→ Exercise data:
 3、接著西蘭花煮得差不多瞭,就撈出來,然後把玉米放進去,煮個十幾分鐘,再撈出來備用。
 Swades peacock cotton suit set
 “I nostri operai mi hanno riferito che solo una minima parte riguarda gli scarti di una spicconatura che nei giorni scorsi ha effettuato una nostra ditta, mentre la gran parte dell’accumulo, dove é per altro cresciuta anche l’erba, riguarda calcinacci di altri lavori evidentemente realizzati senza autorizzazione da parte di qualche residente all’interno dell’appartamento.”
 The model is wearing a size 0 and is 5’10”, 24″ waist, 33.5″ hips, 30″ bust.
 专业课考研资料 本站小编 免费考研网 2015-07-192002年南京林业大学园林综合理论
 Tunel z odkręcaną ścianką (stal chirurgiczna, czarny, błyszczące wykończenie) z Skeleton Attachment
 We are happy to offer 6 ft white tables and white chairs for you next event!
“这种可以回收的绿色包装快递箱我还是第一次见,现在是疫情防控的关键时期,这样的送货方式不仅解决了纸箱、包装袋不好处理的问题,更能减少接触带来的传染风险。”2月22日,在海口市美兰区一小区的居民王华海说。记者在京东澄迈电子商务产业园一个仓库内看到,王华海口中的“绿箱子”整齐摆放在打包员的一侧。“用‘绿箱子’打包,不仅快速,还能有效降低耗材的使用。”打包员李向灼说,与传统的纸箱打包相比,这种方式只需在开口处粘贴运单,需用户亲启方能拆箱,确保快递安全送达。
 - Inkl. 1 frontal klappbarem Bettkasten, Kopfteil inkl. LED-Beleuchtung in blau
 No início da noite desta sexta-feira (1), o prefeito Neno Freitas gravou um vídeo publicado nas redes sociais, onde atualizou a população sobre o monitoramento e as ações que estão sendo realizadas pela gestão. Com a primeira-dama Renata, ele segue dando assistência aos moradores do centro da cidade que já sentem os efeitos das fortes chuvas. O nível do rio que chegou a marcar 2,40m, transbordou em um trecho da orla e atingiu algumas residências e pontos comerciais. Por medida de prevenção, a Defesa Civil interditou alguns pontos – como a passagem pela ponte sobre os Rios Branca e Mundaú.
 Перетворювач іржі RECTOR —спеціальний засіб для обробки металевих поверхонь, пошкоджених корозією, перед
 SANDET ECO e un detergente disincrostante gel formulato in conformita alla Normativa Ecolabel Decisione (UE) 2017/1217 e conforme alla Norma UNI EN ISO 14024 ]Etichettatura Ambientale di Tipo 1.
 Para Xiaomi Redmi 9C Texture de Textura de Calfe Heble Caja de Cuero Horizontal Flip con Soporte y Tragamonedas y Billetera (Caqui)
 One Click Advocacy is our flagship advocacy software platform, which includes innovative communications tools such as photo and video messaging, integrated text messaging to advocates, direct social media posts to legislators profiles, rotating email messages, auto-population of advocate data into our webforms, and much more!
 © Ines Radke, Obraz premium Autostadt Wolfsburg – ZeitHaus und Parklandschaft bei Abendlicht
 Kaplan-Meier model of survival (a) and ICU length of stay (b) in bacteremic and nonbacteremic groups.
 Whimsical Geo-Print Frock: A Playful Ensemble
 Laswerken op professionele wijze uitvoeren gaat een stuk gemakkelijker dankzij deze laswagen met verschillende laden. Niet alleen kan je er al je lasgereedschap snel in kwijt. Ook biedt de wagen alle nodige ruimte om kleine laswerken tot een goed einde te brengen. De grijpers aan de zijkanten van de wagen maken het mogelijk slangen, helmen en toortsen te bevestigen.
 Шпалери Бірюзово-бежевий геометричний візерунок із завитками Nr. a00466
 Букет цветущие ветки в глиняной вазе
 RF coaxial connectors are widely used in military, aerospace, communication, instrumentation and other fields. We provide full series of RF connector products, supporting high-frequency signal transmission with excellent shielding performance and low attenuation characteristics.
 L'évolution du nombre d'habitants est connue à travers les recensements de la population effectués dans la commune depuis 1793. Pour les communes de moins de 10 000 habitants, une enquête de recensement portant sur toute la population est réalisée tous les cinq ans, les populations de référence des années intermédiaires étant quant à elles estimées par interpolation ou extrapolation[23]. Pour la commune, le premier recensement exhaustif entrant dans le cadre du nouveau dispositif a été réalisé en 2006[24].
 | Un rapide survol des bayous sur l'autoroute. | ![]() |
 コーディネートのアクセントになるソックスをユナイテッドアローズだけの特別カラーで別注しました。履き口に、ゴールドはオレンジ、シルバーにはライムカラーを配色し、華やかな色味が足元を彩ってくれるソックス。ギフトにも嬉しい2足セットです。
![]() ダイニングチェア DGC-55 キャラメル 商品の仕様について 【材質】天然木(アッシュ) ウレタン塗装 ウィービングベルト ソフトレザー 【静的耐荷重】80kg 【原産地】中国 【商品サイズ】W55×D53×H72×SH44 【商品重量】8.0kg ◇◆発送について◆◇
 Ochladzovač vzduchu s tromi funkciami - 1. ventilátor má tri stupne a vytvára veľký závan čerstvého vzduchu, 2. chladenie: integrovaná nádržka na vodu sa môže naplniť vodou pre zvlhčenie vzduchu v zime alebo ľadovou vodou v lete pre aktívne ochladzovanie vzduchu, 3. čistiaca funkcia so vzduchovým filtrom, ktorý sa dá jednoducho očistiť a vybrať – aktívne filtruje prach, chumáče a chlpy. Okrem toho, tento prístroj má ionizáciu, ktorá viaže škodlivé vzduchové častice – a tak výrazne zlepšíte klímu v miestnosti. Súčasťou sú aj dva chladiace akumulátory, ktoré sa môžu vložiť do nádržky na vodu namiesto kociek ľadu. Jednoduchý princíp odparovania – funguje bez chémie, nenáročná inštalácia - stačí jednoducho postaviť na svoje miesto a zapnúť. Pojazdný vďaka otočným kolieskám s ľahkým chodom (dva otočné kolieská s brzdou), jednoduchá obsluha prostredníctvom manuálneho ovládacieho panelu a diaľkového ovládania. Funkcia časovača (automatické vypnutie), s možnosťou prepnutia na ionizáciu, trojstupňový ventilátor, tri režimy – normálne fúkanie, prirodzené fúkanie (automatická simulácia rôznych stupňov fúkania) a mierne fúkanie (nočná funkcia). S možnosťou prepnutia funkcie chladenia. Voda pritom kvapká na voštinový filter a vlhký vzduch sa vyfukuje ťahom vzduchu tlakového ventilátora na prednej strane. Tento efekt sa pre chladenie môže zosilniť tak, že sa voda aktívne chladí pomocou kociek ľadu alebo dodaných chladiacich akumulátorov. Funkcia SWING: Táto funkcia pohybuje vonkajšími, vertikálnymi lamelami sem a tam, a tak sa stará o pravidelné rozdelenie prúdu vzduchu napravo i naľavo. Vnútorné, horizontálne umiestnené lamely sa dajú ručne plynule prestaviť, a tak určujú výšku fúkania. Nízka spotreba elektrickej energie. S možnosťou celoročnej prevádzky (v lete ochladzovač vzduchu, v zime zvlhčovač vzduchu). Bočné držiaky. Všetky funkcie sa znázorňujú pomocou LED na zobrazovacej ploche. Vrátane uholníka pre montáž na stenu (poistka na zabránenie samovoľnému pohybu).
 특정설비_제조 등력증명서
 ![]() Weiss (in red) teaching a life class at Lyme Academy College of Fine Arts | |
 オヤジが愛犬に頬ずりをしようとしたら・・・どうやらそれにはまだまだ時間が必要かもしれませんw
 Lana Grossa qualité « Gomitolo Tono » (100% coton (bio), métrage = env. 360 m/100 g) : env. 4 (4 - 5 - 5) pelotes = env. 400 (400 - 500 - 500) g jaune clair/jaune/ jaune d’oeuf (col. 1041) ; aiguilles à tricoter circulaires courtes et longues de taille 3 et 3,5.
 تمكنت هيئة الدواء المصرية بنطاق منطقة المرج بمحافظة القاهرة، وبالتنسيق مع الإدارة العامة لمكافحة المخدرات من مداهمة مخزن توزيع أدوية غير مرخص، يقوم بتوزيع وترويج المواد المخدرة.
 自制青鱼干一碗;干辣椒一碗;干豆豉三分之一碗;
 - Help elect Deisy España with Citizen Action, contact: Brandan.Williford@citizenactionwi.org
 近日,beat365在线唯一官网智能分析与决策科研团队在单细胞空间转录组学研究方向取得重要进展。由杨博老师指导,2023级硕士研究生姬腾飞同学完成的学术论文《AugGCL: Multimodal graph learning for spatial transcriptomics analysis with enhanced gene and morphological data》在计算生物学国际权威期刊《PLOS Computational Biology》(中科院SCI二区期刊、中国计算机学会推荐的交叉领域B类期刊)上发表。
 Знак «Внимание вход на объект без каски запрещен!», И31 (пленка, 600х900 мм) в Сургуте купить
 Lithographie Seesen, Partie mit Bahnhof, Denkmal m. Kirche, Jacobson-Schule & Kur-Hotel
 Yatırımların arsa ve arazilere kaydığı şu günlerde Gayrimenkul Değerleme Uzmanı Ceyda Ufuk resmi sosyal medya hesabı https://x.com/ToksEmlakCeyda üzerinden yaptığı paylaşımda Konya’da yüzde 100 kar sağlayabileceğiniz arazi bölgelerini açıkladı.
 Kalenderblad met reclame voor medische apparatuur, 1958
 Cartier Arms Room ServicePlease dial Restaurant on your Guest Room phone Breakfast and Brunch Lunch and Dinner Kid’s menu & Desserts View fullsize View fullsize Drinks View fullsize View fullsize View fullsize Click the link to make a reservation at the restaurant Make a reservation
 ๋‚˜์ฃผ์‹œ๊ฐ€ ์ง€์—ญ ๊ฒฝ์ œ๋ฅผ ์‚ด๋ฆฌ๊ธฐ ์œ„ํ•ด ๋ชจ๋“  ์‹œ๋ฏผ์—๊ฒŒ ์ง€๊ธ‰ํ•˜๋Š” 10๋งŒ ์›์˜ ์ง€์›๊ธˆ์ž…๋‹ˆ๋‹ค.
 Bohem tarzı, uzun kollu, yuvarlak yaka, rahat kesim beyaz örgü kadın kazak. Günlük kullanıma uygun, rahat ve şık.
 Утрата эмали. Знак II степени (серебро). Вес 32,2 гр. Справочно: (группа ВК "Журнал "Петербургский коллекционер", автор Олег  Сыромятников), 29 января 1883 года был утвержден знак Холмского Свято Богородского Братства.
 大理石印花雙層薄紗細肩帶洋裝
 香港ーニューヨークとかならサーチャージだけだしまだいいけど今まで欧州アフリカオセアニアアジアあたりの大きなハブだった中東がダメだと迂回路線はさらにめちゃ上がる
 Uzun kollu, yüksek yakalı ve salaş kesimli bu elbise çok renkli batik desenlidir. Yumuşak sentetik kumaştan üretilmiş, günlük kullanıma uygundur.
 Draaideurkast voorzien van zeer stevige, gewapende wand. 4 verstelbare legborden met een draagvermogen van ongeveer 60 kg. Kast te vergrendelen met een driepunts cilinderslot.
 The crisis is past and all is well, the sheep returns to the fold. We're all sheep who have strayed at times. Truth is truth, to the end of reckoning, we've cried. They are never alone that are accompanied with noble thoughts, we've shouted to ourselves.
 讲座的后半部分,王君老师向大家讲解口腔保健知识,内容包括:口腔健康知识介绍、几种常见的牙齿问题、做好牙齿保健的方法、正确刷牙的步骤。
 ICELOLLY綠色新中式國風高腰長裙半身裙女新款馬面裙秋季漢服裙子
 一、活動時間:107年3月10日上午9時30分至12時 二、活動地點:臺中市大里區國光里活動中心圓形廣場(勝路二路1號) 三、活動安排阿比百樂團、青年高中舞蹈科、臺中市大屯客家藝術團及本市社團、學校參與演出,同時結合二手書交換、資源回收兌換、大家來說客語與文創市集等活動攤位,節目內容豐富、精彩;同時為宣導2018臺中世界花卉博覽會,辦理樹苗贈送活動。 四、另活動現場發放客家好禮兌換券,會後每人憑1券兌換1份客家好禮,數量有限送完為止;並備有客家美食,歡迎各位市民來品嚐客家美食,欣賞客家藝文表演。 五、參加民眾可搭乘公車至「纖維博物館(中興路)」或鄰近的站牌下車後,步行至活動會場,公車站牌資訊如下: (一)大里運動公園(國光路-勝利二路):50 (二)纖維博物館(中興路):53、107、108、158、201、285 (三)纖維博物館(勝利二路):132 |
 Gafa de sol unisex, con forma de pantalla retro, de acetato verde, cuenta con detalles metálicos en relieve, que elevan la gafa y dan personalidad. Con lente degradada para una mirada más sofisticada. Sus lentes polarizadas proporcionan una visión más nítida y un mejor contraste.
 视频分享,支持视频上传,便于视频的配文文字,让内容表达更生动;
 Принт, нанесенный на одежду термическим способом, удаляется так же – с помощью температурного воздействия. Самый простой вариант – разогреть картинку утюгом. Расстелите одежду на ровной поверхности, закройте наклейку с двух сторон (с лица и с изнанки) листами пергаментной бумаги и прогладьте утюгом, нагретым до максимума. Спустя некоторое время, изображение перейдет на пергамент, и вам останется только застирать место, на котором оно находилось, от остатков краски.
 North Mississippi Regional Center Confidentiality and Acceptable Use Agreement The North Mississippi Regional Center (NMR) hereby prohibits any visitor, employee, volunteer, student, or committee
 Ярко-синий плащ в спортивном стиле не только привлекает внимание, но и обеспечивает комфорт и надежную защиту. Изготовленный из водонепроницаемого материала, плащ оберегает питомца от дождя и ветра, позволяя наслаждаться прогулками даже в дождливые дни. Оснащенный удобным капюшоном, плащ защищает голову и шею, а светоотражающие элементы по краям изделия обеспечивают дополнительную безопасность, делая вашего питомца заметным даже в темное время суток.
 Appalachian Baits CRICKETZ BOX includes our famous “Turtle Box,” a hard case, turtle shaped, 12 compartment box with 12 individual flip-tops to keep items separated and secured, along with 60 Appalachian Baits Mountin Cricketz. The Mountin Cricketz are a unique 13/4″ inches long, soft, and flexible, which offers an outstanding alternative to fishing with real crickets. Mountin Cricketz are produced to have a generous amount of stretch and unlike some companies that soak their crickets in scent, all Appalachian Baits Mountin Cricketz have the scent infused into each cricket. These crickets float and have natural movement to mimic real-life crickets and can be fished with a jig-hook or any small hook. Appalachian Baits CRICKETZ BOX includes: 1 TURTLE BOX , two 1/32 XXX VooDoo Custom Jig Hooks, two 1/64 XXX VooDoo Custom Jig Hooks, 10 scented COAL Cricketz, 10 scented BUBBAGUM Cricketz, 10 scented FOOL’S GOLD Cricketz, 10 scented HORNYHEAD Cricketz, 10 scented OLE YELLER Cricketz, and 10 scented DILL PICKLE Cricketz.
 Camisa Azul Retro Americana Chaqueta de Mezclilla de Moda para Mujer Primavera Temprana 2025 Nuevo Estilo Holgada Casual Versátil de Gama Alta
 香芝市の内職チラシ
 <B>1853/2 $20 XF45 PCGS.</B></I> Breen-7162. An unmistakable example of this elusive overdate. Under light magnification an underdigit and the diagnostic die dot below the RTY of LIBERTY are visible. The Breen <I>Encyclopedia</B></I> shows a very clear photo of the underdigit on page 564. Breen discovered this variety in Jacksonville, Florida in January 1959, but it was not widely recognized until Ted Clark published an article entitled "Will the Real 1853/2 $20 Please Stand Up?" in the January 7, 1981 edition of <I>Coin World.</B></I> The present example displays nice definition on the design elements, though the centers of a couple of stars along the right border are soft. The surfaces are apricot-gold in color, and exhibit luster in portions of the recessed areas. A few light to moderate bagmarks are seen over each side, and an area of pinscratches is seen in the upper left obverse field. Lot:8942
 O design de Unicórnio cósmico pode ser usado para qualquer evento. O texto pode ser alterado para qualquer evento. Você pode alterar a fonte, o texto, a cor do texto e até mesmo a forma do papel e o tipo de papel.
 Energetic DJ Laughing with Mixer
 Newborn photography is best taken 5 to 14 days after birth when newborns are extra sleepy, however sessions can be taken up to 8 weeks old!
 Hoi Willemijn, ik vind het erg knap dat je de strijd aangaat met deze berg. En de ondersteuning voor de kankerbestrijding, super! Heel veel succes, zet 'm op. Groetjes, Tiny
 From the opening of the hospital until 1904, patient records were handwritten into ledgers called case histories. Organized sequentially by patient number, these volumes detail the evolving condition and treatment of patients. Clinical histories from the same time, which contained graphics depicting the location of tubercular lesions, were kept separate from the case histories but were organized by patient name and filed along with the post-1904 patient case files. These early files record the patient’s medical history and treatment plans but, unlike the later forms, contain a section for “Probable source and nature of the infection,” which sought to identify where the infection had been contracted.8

→ Action item: Would you copy, word for word, only the lines from the start of the listing to the one that contains "We are happy", both included?

→ Task answer:
 3、接著西蘭花煮得差不多瞭,就撈出來,然後把玉米放進去,煮個十幾分鐘,再撈出來備用。
 Swades peacock cotton suit set
 “I nostri operai mi hanno riferito che solo una minima parte riguarda gli scarti di una spicconatura che nei giorni scorsi ha effettuato una nostra ditta, mentre la gran parte dell’accumulo, dove é per altro cresciuta anche l’erba, riguarda calcinacci di altri lavori evidentemente realizzati senza autorizzazione da parte di qualche residente all’interno dell’appartamento.”
 The model is wearing a size 0 and is 5’10”, 24″ waist, 33.5″ hips, 30″ bust.
 专业课考研资料 本站小编 免费考研网 2015-07-192002年南京林业大学园林综合理论
 Tunel z odkręcaną ścianką (stal chirurgiczna, czarny, błyszczące wykończenie) z Skeleton Attachment
 We are happy to offer 6 ft white tables and white chairs for you next event!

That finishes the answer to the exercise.